Assim como aqui, foi-se lá... Como diz o ditado, "a gente morre e não vê tudo na política". Uma Lei votada pelos vereadores de Ponta Grossa, nos Campos Gerais autoriza aumento de salário da Prefeita de Ponta Grossa nesta legislatura. A votação aconteceu ontem num projeto de lei que autoriza o aumento dos salários da prefeita Elizabeth Schmidt (PSD) e de outros cargos do Executivo, como o vice-prefeito e secretários municipais.
A proposta altera a Lei Orgânica do Município, considerada a principal legislação do município. Segundo a lei, qualquer mudança nos salários das principais funções da prefeitura só começam a valer na próxima gestão. O projeto aprovado em primeiro turno no Legislativo determina que a alteração salarial no Executivo entre em vigor na mesma administração.

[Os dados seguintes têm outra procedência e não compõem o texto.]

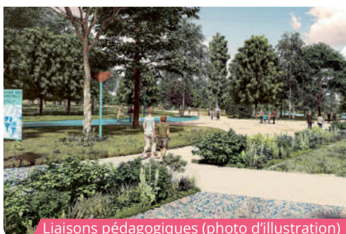
Liaisons pédagogiques (photo d'illustration)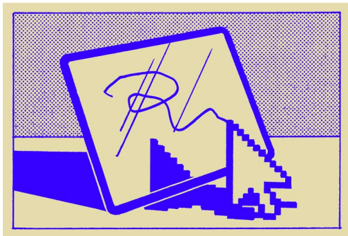
INDIVIDUELLE PLANUNG UND FOKUSWAHL JE NACH ZEITLICHEN RESSOURCEN, LEHRPLANBEZUG UND KLASSENSTUFE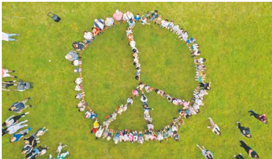
Seit 2022 feiern die jüngsten Bedburgerinnen und Bedburger gemeinsam den Weltfriedenstag für Kinder.

Alle Familien sind herzlich eingeladen und können sich auf Vorführungen, Freundschaftsbänder, Glücksbringer aus aller Welt und natürlich auf das gemeinsame Spielen auf dem Spielplatz freuen. Für Snacks und Getränke wird wieder gesorgt sein. Kommen Sie also vorbei und feiern Sie gemeinsam den Einsatz für Kinderrechte und Frieden weltweit.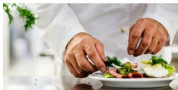
Kantiner og caféer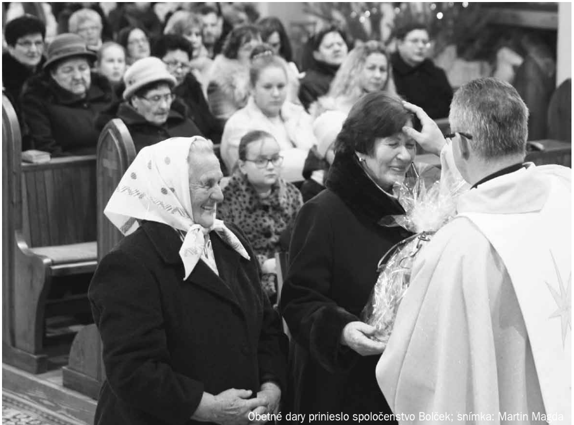
Obetné dary prinieslo spoločenstvo Bolček

Naše vnútro je niekedy veľmi zaťažené tým, že sa nám nedarí, tým,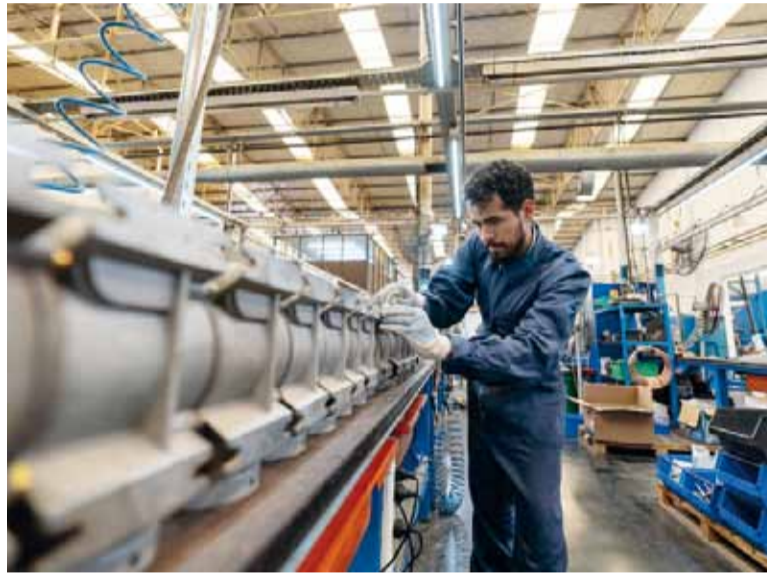
En verde. En el acumulado del primer trimestre, el EMAE exhibió un incremento de 1,7%.

de los quince sectores de actividad que componen el indicador registraron subas en la comparación interanual. Entre los rubros con mayores incrementos se destacaron Pesca, con una variación de 30,9%, y Agricultura, ganadería, caza y silvicultura, con un alza de 17,9%. La actividad de Agricultura, ganadería, caza y silvicultura fue la de mayor incidencia positiva en la variación interanual, seguida por Industria manufacturera, que creció 4,6%, y Explotación de minas y canteras, con un aumento de 16,3%. En conjunto, estos sectores aportaron 2,7 puntos porcentuales al crecimiento interanual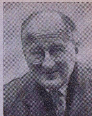
Nikolaus B. L. Pevsner

Geboren im September 1909 in Lancashire. Studium: Victoria-Universität, Manchester (School of Architecture). Arbeit in London, Leeds, Southampton und West Riding of Yorkshire. Chefarchitekt bei The London County Council und Greater London Council seit 1956. Mitglied: Royal Institute of British Architects. Advisory Committee on Building Research, Ministry of Technology 1959-67, Standing Conference on London Regional Planning 1963-65. Auszeichnungen: RIBA-Bronzemedaille, Civic Trust Awards, Ministry of Housing Award for Good Design in Housing, Architectural Design Grand Project Award.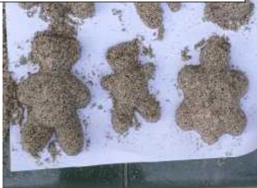
Mencetak 6 bentuk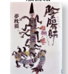
『陰陽師 醍醐ノ巻』 著者: 夢枕獯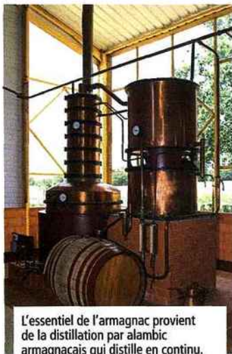
L'essentiel de l'armagnac provient de la distillation par alambic armagnacais qui distille en continu.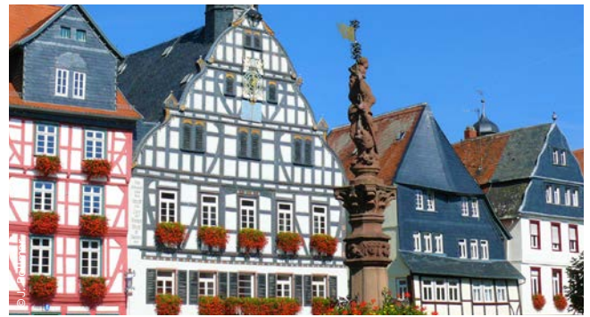
▲ Marktplatz, Butzbach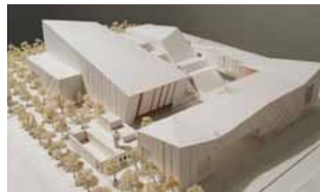
* Aleppo House of Culture

Henning Larsen Architects er et internationalt arkitektfirma med 158 ansatte af 15 forskellige nationaliteter. I Levanten arbejder Henning Larsen Architects primært med kultur og uddannelses projekter. Se mere på: www.henninglarsen.com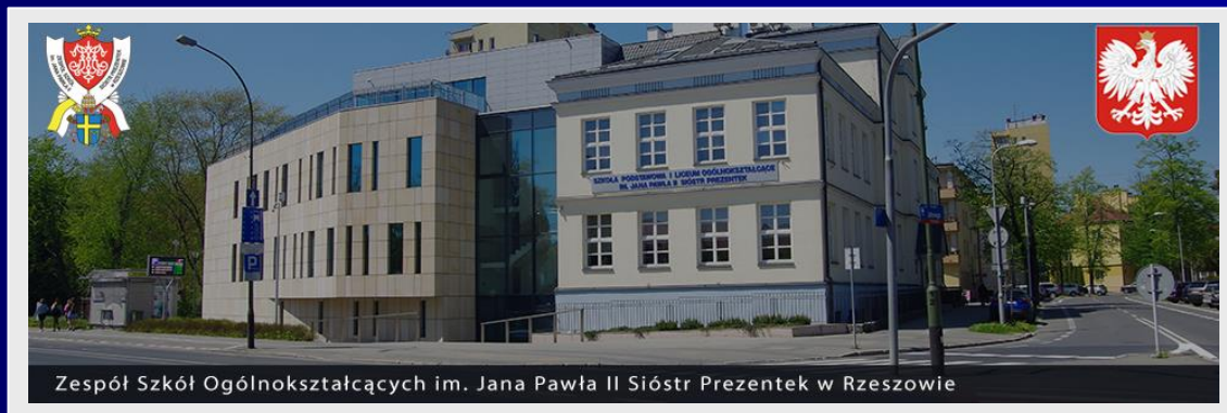
Zespół Szkół Ogólnokształcących im. Jana Pawła II Sióstr Prezentelek w Rzeszowie

Hoje, a prefeita recebe R$ 19,7 mil. Os secretários ganham R$ 10,6 mil, e o vice-prefeito, R$ 9,8 mil. Em nota, a Prefeitura de Ponta Grossa afirma ter "ciência de que o limitador de salário é uma realidade, já que o vencimento dos médicos de Ponta Grossa está abaixo da média do mercado da região. O Executivo trabalha com foco na atenção das principais necessidades da população, tendo a área da saúde como um de seus pilares".
Justificativa - A proposta, protocolada na Câmara pelos próprios parlamentares, foi aprovada por 16 votos favoráveis e uma abstenção. Os vereadores justificaram que os salários dos principais cargos da prefeitura devem ser aumentados para atrair mais médicos ao município. Segundo o atual plano municipal de cargos e salários dos servidores, um médico iniciante que trabalhar na maior carga horário possível recebe R$ 13 mil. Se esse valor aumentar, não poderá ultrapassar o vencimento da prefeita.
A remuneração dela é o teto salarial da cidade, ou seja, nenhum funcionário público pode ganhar mais. Dificuldades para contratação A Prefeitura de Ponta Grossa afirma que vem enfrentando obstáculos para contratar médicos nos últimos anos. De acordo com a administração municipal, os salários não tão atrativos dispersam os profissionais. Em setembro do ano passado, a prefeitura afirmou que faltavam 48 médicos na rede municipal de saúde. Das 57 unidades básicas, 18 não tinham este tipo de servidor fixo.
O problema foi amenizado somente em março deste ano, quando a prefeitura promoveu um concurso público e conseguiu contratar 40 novos médicos. A segunda e última votação do projeto acontecerá no início de julho. Se for aprovado, não há a necessidade de sanção ou veto da prefeita Elizabeth Schmidt.